Antes de la Nacional:


de lo ideal a lo inútil

Cuarenta y ocho años separaran la gesta de la independencia del momento de creación de la Universidad Nacional. Este período se convertiría en una época de contradicciones sobre la organización de la educación y, en especial, sobre la importancia de las universidades y la incidencia que el Estado, los partidos y la Iglesia deberían tener en ellas.

Las cinco décadas se iniciaron con el sueño, propuesto por Santander y Bolívar, de constituir universidades para formar a los dirigentes de la nación; pasaron por la posición de José Hilario López, quien consideró inútiles las universidades y sus títulos para el ejercicio de las profesiones; y concluyeron con los esfuerzos del general Mosquera y de su amigo y detractor Santos Acosta, para consolidar institutos públicos que ofrecieran educación profesional.

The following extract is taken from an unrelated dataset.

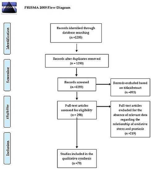 The flow diagram of the literature search process is reported in Figure 1. We detected a total of 1293 potentially eligible articles based on the aforementioned search strategy. Of these, after we removed the duplicates and the papers whose title and abstract did not correspond to the aim of this review (n = 995), 298 original articles were selected for full-text review. After we applied the inclusion and exclusion criteria, a total of 79 articles were included in the present systematic review.

En este contexto se han ubicado los antecedentes de la Facultad de Derecho, Ciencias Políticas y Sociales de la Universidad Nacional de Colombia. Hemos preferido este tiempo al de la Colonia, en el cual existieron institutos que enseñaban la "ciencia jurisprudencial", y, en concreto, hemos optado por definir el surgimiento de la Universidad Central de Bogotá, como el hito fundacional más próximo a la consolidación de una Escuela Pública en la que se estudiara el Derecho. Ello ha sido determinado por varias razones. Para empezar, se trataba de la época del nacimiento de la República independiente, que si bien se encontraba profundamente marcada por la cultura española, también se esforzaba por hallar su identidad desde las necesidades e intereses de la joven Gran Colombia. De otra parte, su creación por iniciativa del Estado, a diferencia de las demás universidades de ésta y otras épocas, que por lo general fueron fundadas por órdenes religiosas, constituye un elemento determinante para establecer las similitudes de aquella Universidad Central con la Universidad Nacional. Finalmente, nos ayuda a optar por este antecedente, el hecho de que la percepción social presentaba a la Universidad Nacional de los Estados Unidos de Colombia, como la expresión de la refundación o reorganización de la Universidad Central.

El año 1826 vi ó surgir a las universidades públicas de Quito, Caracas y Bogotá. La ley del 18 de marzo, se encargó de crearlas con cinco facultades: Filosofía, Jurisprudencia , Medicina, Teología, y Ciencias Naturales. El Decreto Reglamentario del 3 de octubre de 1826, firmado por el general Santander, determinó el Plan de estudios. De acuerdo con estas disposiciones la enseñanza del Derecho se organizó así:

La clase de jurisprudencia comprende las cátedras siguientes: una de principios de Legislación universal, y de Legislación civil y penal; una de Derecho público, político, constitución y ciencia administrativa; una de Historia e Instituciones del Derecho civil romano y de derecho patrio; una de Economía política; una de Derecho internacional o de gentes, y una de Derecho público eclesiástico, instituciones canónicas, disciplina e historia eclesiástica y suma de concilios.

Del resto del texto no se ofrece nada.